Italian car maker Fiat will name its chief executive Sergio Marchionne, head of business development Alfredo Altavilla and former vice-chairman of ExxonMobil Lucio Noto to the board of the new and restructured US-based Chrysler.
The Financial Times report citing Altavilla's court testimony stated that, "Fiat will name chief executive Sergio Marchionne, Alfredo Altavilla, its head of business development, and Lucio Noto, former vice-chairman of ExxonMobil, to the board of new Chrysler."
Altavilla also said Marchionne should be named chief executive and "spend a substantial amount of time in Detroit."
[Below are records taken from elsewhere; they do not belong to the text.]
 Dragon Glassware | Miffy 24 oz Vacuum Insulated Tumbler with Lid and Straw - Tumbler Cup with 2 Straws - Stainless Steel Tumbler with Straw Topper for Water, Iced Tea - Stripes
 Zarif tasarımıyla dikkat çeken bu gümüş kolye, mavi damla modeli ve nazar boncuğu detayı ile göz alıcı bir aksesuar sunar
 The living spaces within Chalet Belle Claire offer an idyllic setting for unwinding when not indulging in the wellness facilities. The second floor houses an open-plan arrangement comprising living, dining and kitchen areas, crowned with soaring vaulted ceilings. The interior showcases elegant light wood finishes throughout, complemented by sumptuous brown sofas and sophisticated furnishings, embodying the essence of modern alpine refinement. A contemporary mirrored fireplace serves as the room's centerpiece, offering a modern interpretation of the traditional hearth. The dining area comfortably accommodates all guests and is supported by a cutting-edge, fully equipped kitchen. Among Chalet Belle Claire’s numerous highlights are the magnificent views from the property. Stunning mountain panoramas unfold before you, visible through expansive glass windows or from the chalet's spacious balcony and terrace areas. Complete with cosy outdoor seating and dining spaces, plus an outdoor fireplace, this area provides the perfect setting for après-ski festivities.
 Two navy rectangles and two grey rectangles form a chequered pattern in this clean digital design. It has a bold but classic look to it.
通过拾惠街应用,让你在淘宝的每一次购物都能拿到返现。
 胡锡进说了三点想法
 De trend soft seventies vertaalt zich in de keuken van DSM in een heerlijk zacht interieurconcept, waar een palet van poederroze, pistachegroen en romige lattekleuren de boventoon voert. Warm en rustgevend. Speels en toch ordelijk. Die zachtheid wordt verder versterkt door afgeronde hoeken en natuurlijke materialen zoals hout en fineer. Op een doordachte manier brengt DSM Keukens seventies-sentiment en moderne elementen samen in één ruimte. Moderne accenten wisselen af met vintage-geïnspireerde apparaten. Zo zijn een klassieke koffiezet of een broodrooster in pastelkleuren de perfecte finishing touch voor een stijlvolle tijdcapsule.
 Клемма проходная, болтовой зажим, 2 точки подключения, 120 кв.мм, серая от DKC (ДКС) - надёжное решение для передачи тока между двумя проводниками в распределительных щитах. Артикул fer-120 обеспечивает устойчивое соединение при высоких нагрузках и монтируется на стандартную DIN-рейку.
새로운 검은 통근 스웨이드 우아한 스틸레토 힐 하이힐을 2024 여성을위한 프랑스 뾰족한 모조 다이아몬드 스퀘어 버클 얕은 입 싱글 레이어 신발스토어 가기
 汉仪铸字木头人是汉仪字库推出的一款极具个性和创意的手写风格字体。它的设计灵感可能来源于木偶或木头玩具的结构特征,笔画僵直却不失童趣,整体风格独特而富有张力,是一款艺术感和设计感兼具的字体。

He also said the deal that would create an alliance between the two car makers could close a few days after a US bankruptcy court approves the proposed sale of most of Chrysler's operations to a group, including the US government, the United Autoworkers Union and Fiat.
The report stated that Fiat would reconsider if the transaction does not close by June 15 or if the bankruptcy process does not free the Detroit auto maker of liabilities like tort claims.
On Wednesday, Judge Arthur Gonzalez began to hear objections, which numbered more than 300, but centered on the opposition of Chrysler's dealers and secured lenders to the sale, the daily noted.
The plan calls for Chrysler to close nearly 800 dealerships and settle a $6.9-billion secured loan with $2-billion. The hearing would resume Thursday and could run until Friday, it added.
Quoting Chrysler's lawyers, FT said, the sale is necessary to avoid liquidation and approval would mean ailing auto maker will emerge from bankruptcy in roughly one month from its filing.
Altavilla also said that Fiat may not have proceeded with the deal if Chrysler had not filed for bankruptcy, regardless of whether all of the senior lenders signed off the deal.
"We would have needed to reconsider but more likely not," the FT report said quoting Altavilla.
Beyond the top brass, Chrysler staff would remain mostly American. "We don't intend to ship hundreds of Italians who would get lost in the Wal-Mart," Altavilla added in the report.